Os preços de mercado dos vinhos foram outro dos assuntos abordados durante a participação no podcast. Por um lado, há garrafas que podem atingir 10 ou 20 mil euros, mas por outro, existem vinhos que podemos comprar por uns meros 2 euros. Afinal, o que dizer sobre estas divergências? E qual o preço justo? Artur Azevedo partilhou a sua perceção da realidade nos seguintes termos…
“Há vinhos que podem não ter preço sequer.”
“Na VirguWines, trabalho com vignerons – o agricultor, o viticultor que, com as suas uvas, produz o seu próprio vinho – e, nestas pessoas, que respeitam muito o terroir, que são muita honestas com o vinho que fazem, o preço que cobram é o que faz falta. Se não for assim, alguma coisa há-de ficar mal pelo caminho e normalmente é o agricultor.”
“As pessoas com quem eu trabalho estão a fazer um trabalho honesto, a conseguir usar madeira quando é madeira, uma talha quando é uma talha, e isso tem que se pagar. Não estamos a falar de vinhos de luxo, mas são vinhos honestos que têm o seu custo.”

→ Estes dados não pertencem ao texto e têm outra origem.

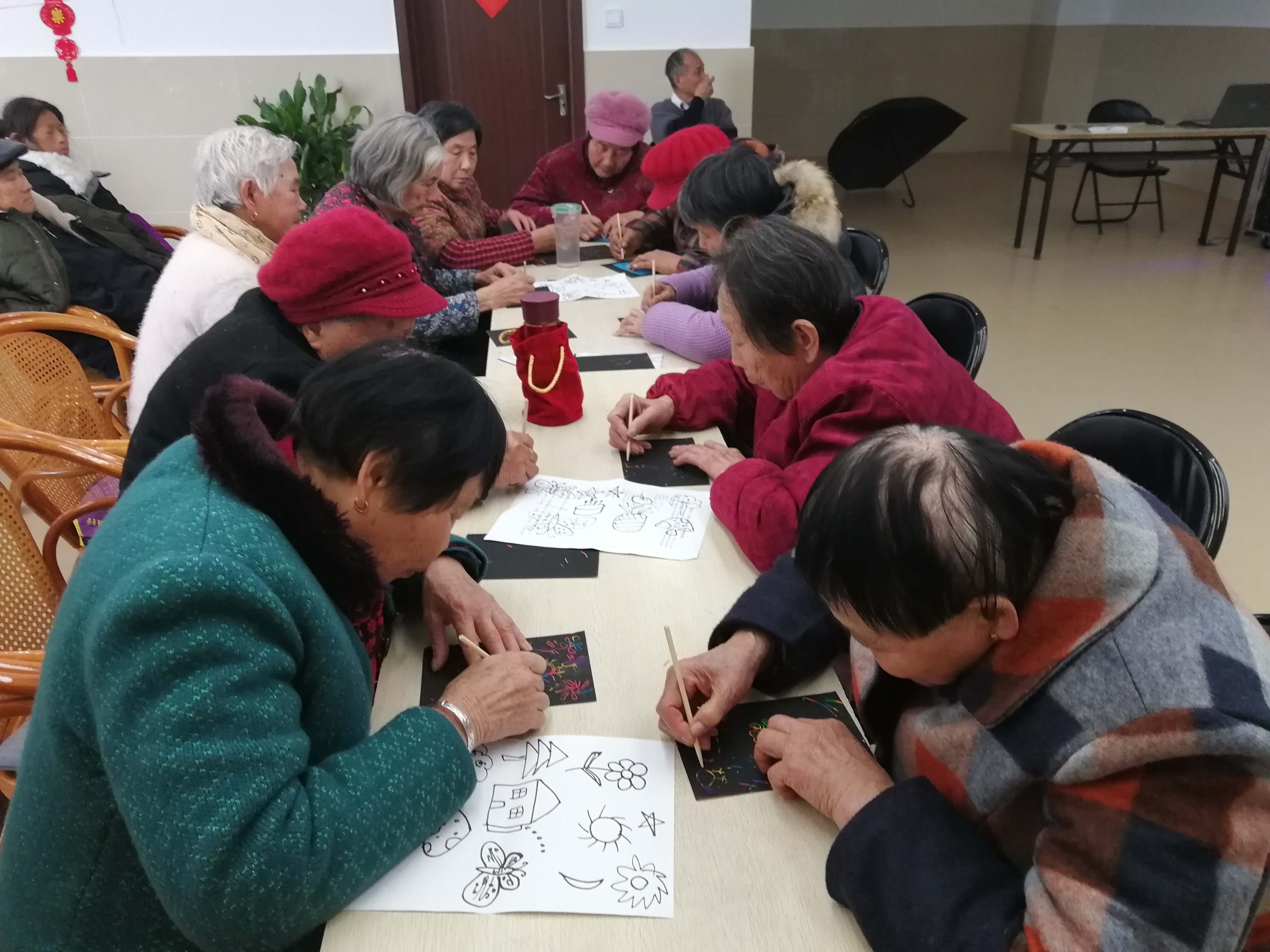 有的老人画上了苹果,寓意晚年生活健康平安;有的老人描绘出了可爱小动物的画面,追忆无忧无虑的童年生活……每位老人都将自己的想法与希望寄托在薄薄的刮画纸上,脸上满是笑容。过丰富多样的特色活动,让老人们敞开心扉,欢度晚年生活。

“Deixa-me contar-te uma história – passou-se muito recentemente e mostra bem o quão errado está, por vezes, o mundo do vinho. Uma pessoa que saiu da banca herdou umas vinhas de ramada lindíssimas e a mãe disse-lhe: olha, não faças isso, não vale a pena! Ele, entusiasmado, com tempo, continuou a cuidar das ramadas que, infelizmente, estão em desuso, mas são muito importantes na região dos Vinhos Verdes. Gastou dinheiro no tratamento, na poda, e o valor que recebeu da adega não cobriu o valor da mão-de-obra. Porque depois, vamos ao supermercado e vemos vinhos a 1 euro, 2 euros… O que é que aconteceu? Este senhor que tinha todo o potencial para produzir umas vinhas fantásticas, cortou as videiras. Em primeiro lugar, a adega não faz um vinho honesto e depois, todo o canal não está a preservar o terroir, a sustentabilidade…”
“Os vinhos [demasiado baratos] fazem um mau serviço. Em primeiro lugar, estão a descontinuar uvas que não são tão produtivas, que muitas vezes são muito adaptadas ao território, têm um papel muito importante e com a questão climática estão adaptadas para consumirem menos recursos. E porque as pessoas abandonam algo diferente, algo que seja identificativo. Esses vinhos baratos são todos iguais… Este ano, daqui a um ano, a dois… E há mercado também para isso, mas eu tento fugir disso porque prestam um mau serviço às comunidades – porque não pagam o preço justo ao agricultor.”
E se o mundo acabasse amanhã?
Para terminar, Artur Azevedo foi confrontado com um desafio pelos moderadores do “Meia Rolha Cast”. Se o mundo acabasse amanhã, qual seria a sua última garrafa, aquele vinho que tinha mesmo de beber? Eis a resposta…
“Pegava num Pet Nat da Aphros, um branco, Arinto com Loureiro, com enologia do Tiago Sampaio – os projetos pessoais dele também valem a pena. Para um brinde sem complicações e com bolhinhas!”